南禅寺は地下鉄の便が良いので頻繁に訪れる機会があるが、方丈はかれこれ15〜6年拝観していなかったので久々に入ってみることにした。

豊臣秀吉が寄進した御所の清涼殿を移築したという大方丈は、狩野派襖絵や「虎の子渡し」と呼ばれる庭園で有名。庭園は小堀遠州作と言われる借景式庭園だが、方丈内部の座敷から鑑賞できないので、幅広いゆったりとした余白と樹木や石との調和がいまひとつ実感できないような気がしてしまう。ぜひ座敷奥から額縁庭園的に見てみたいものだ。今のままでは通り過ぎる人ばかりが多く、ワサワサした感じが否めない。

方丈から見えるカエデは少ないが、回廊でつながった突き当たりにある茶室・不識庵近辺の紅葉が目立っていた。この茶室は開基・亀山法皇の650年ご遠諱を記念して寄進されたものだとか。奇しくも今年(2004年)は亀山法皇700年ご遠諱にあたるのだ! 記念特別展として「南禅寺展」が東京国立博物館その他で開催されていたがうっかりして見逃してしまった。南禅寺のほうでも亀様イベントがあるようだ。

次は今回のツアー最後の拝観地、塔頭の天授庵へ。


▲方丈庭園の左半分

▲同じく庭園右半分


 ●天授庵

南禅寺第十五世の虎関師練が暦応3年(1340)光厳上皇の勅許を得て、開山第一世の無関普門(大明国師)を祀る開山塔を建立したのが開創。応仁の乱などにより焼失、荒廃したが慶長7年(1602)細川幽斎の寄進で現在の諸塔が再建され復興し細川家菩提所となった。枯山水の東庭、南北朝の趣を持つ南庭があり、本堂には細川幽斎夫妻像と長谷川等伯筆の襖絵などがある。

堂内は非公開なので襖絵などは拝観できないが、書院玄関を覗くと座敷を突き抜けた向こう側の南庭の紅葉が鮮やかに見える。玄関には亀山法皇イベントポスターが貼られていた。
本堂前の東庭は菱形模様の石畳と岩や刈り込みが特徴的な枯山水で、沢山のカエデに彩られて華やかになるはずなのだが今回はすでに一部が紅葉終了していて微妙に淋しい。色付きがやや妙なグラデーションになっている。

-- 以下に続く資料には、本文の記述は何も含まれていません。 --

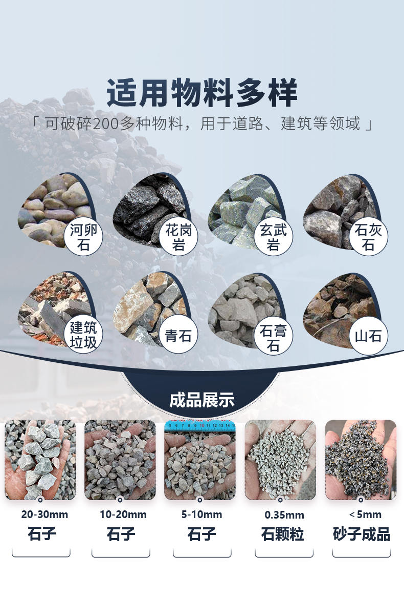 注:产量根据不同物料,进料粒度等因素其结果将有所不同

書院と南庭のある奥へ向かうと、強い逆光で書院手前の紅葉が輝くような濃い橙色を放っていた。池周辺はうっそうとして薄暗いが、書院も庭もどちらかというと民家のような雰囲気がある。
パンフレットによるとこの庭の基本の地割りは鎌倉〜南北朝時代の特色を持ち、創建当時の作庭と思われるそうである。明治初年に蓬菜島や石橋が設けられ大きく改造されたが、庭の命ともいえる地割りは残されたため古庭の高雅なおもむきは失われなかった…とのこと。そういったいきさつを知るとなんとなくわかるような気がしてくる。明治調というと小川治兵衛→名士の琵琶湖疎水系庭園、と連想してしまうが、ここを改造したのは一体誰なのだろう?

天授庵を出て、最後に南禅寺非公開塔頭のひとつである牧護庵の紅葉を覗いてから帰路についた。観光客のために門を開けてくれているのだろうか、とてもそそられる池泉庭園とカエデが見える。いつか公開して頂けないものだろうか…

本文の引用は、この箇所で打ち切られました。